On the face of the bag are three flat pockets, one off to either side and one larger one accessed through the zipper in the center. This is where I placed my filters – two 52mm filters and a 67mm filters – and my reverse mounting ring. In the top compartment, within the internal pockets, I packed my eyeglasses, cleaning kit, extra memory cards, remote shutter cables, USB and Video cords for my camera. My moleskine notebook and Bryan Peterson’s “Understanding Photography Field Guide” (a book I’m reviewing for later publication) also fit into the compartment. There is still plenty of space left over in the upper compartment and if it weren’t for Kata’s foresight, things would be jiggling around – but they included two cinching straps, one on either side of the bag, to tighten things up. Nothing jiggling about anymore.
None of my laptops were able to fit into the laptop compartment. Admittedly, both of my laptops are quite large – both are full-sized 17″ laptops with cinematic screens. Each laptop looks like it would fit into the DR-467i without any problems, but it is just barely too large for the DR-466i. This is not a serious concern, however: Due to the sheer size of either laptop, they are not typical of field laptops. Many photographers who carry laptops into the field use slightly smaller laptops, and therefore will not have problems fitting theirs into their bag. The laptop compartment still has its merits; I also like to carry a letter sized notebook into the field to storyboard my shots or as a sketchpad. The laptop compartment is a great place to store the notebook and any other paperwork one might need to carry.
Details & Build Quality
Kata pays a great deal of attention to detail when designing their bags. From the mesh at the bottom of the center pocket opening, keeping everything inside to the webbing straps protecting the camera compartment from opening too far, they almost thought of everything. All of the seams are double-stitched and corded, the materials are durable and all the stress points are reinforced appropriately. You may have noticed the interior of the bag is bright yellow. This Kata trademark makes it much easier to find small items in the bag. Aside from it’s immediate purpose, it certainly is more welcoming than the typical gray interiors found in other bags.
Lets talk about moving around with the DR-466i. While on the shoulders, the back plate – which is semi-rigid – helps to hold the bags shape. This is a bigger deal than one might expect, as even a full bag might tend to pull or buckle while in use, causing weight to shift unfavorably.
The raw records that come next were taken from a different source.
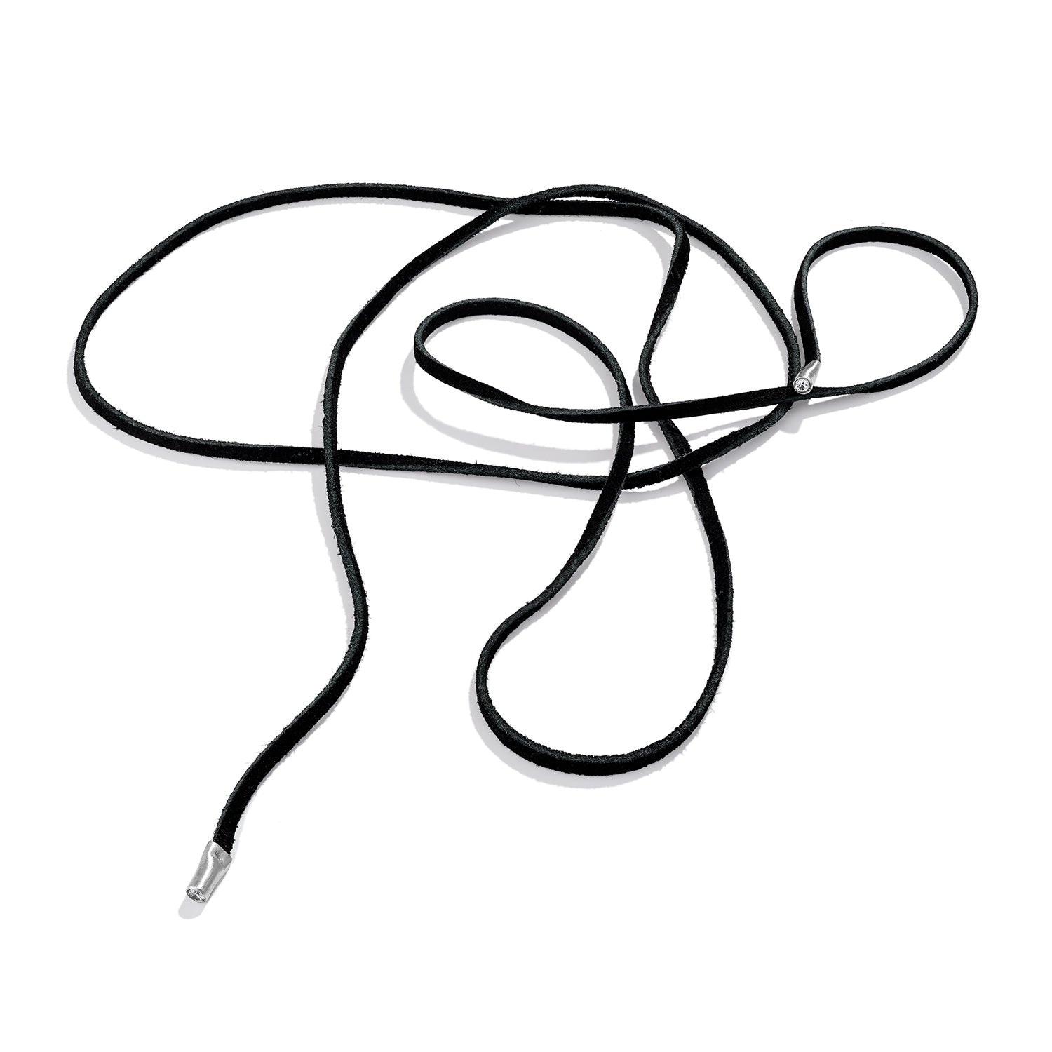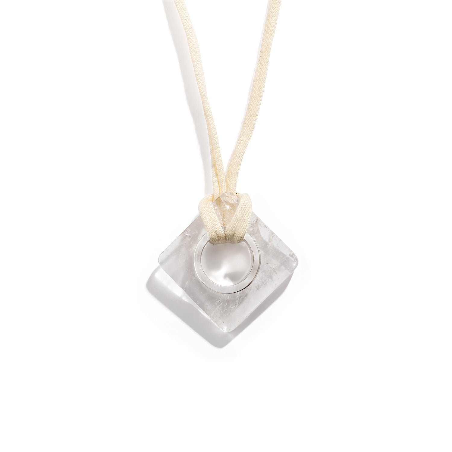 This rock crystal pendant is a revival of a design Renato created in the 1970s with platinum detail. Hanging from either a white cord or black suede cord with platinum ends set with diamonds, this can be tied according to the length the wearer desires.
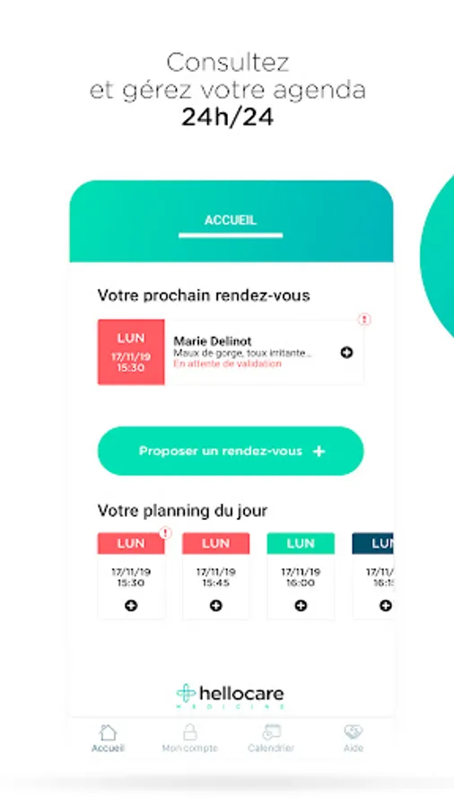 The Hellocare Pro application allows liberal practitioners (doctors, psychologists, dieticians, etc.) to optimize the management of their medical practice and communication with their patients.
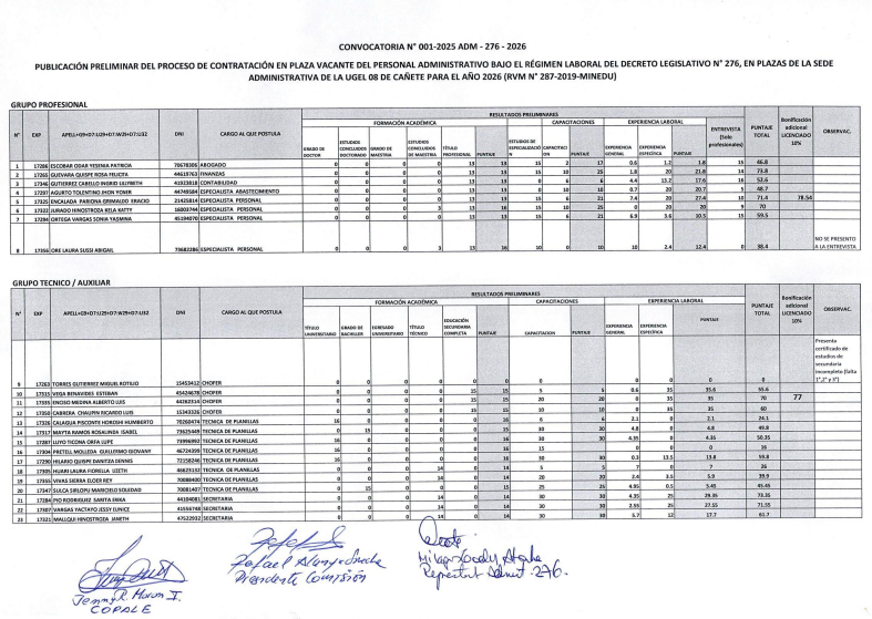 RESULTADOS PRELIMINARES DEL PROCESO DE CONTRATACION DEL D.L 276 PARA EL AÑO 2026

I experienced no such issue while using the bag. The back plate is well padded and therefore comfortable on the back, though I it might be a little sweaty in the summer months. Also built into the back plate is a strap that fits over a luggage trolley for easy transport – which is convenient since the bag complies with airline size restrictions for carry-on luggage.
As for the shoulder straps, they have an outward sweep to them with a chest strap to hold them in place. Unfortunately, the strap can easily pinch the neck when the chest strap is in use. Without the chest strap, the shoulder straps tend to be uncomfortable on the shoulders. All is not lost as it is easy to get a comfortable fit, thanks to the adjustable chest strap. Each part of the strap is fastened to the shoulder strap by a corded rail mechanism that allows the strap to slide up and down. Slide it too high and it pinches at the neck. Slide it too low and the straps pinch your sides. But somewhere in the middle is just the perfect position. I must say that if it weren’t for the adjustable chest strap, I would never have found a comfortable fit.
The bag also has a waist strap which is supposed to take some weight off your shoulders on long days. The waist strap is not padded, however, so it serves little purpose but to dig into your hips. My advice would be to remove the strap, as I feel it’s useless. To be fair, at this price point – I wouldn’t expect to see a well padded waist strap. Kata more than makes up for the waist strap with the tow strap (some may call this a handle grip) – one of my favorite features of this bag. For many manufacturers, the tow strap is an afterthought, a piece of mesh stitched to the surface of the bag with no thought to stress or comfort. But I use the tow strap more often than one would expect – lifting the bag out of the car, moving about in a crowded train terminal or even just holding the bag while trying to get something out of a pocket. I never noticed how much I use the tow strap on this or any bag until the DR-466i’s wide, well padded and semi-rigid design showed me what I was missing. And unlike the solution offered by other manufacturers, Kata’s tow strap is stitched into the bag’s design, clearly not an after thought and substantially more sturdy and dependable than other solutions.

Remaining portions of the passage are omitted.